Multi-Model / Multi-Sample Fitting¶

There are two multi-model approaches to fitting that can be used with a Pipeline: fit_ensemble or fit_ea. The examples above with a data source to a Pipeline and the transformation steps within one Pipeline instance work similarly in fit_ensemble and fit_ea.
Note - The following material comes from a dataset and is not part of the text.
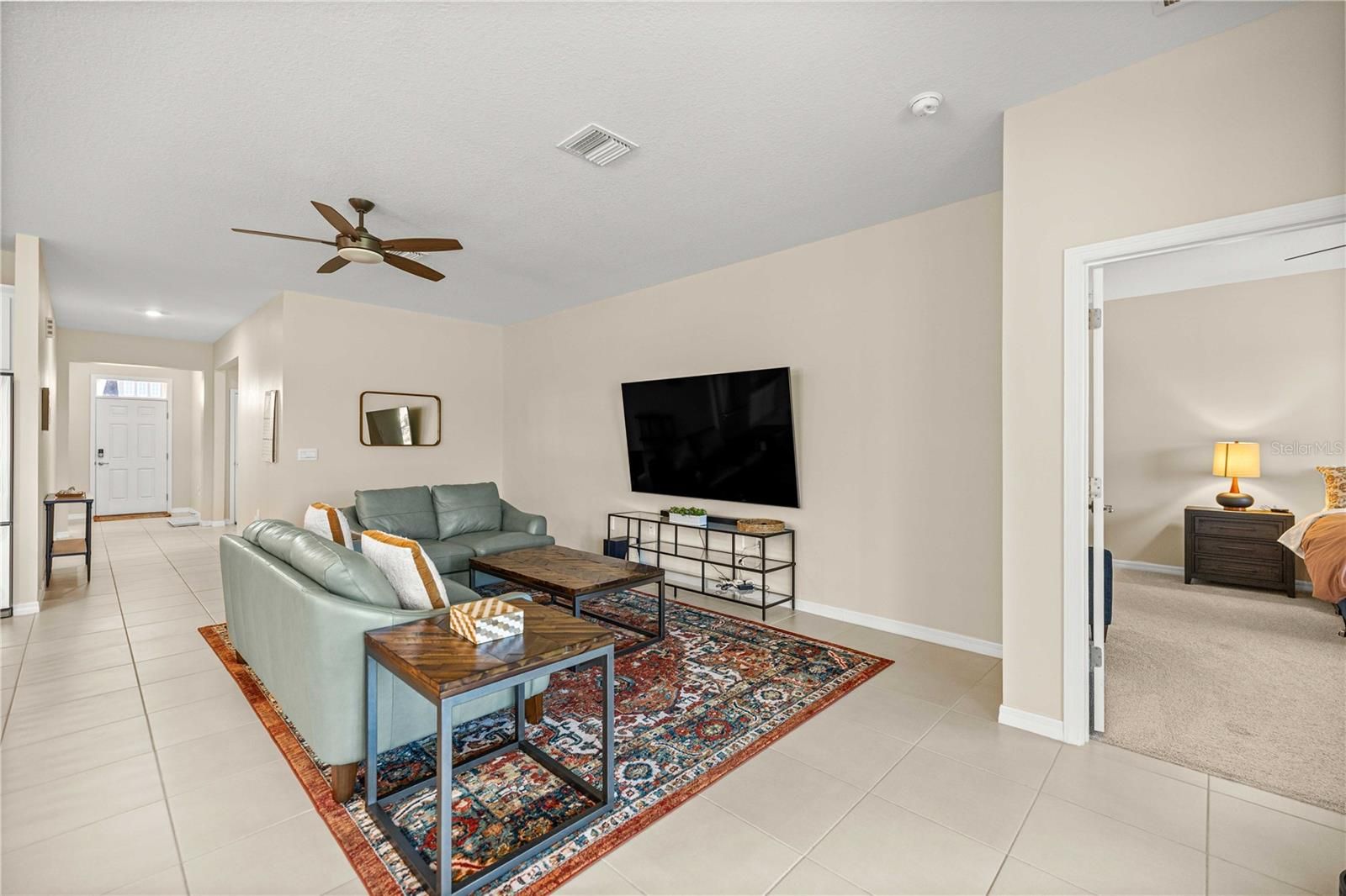 - Ceiling Fan(s), Open Floorplan, Main Level Primary, Split Bedrooms, Thermostat, Walk-In Closet(s), Window Treatments

Other similarities between fit_ea and fit_ensemble include the following common keyword arguments:

scoring a callable with a signature like elm.model_selection.kmeans.kmeans_aic (See API docs ) or a string like f_classif attribute name from sklearn.metrics
scoring_kwargs kwargs passed to the scoring callable if needed
saved_ensemble_size an integer indicating how many Pipeline estimators to retain in the final ensemble

Read more on controlling ensemble or evolutionary algorithm approaches to fitting:

Multi-Model / Multi-Sample Prediction¶

After fit_ensemble or fit_ea has been called on a Pipeline instance, the instance will have the attribute ensemble a list of (tag, pipeline) tuples which are the final Pipeline instances selected by either of the fitting functions (see also saved_ensemble_size - See Controlling Ensemble Initialization). With a fitted Pipeline instance, predict_many can be called on the instance to predict from every ensemble member (Pipeline instance) on a single X sample or from every ensemble member and every sample if sampler and args_list are given in place of X.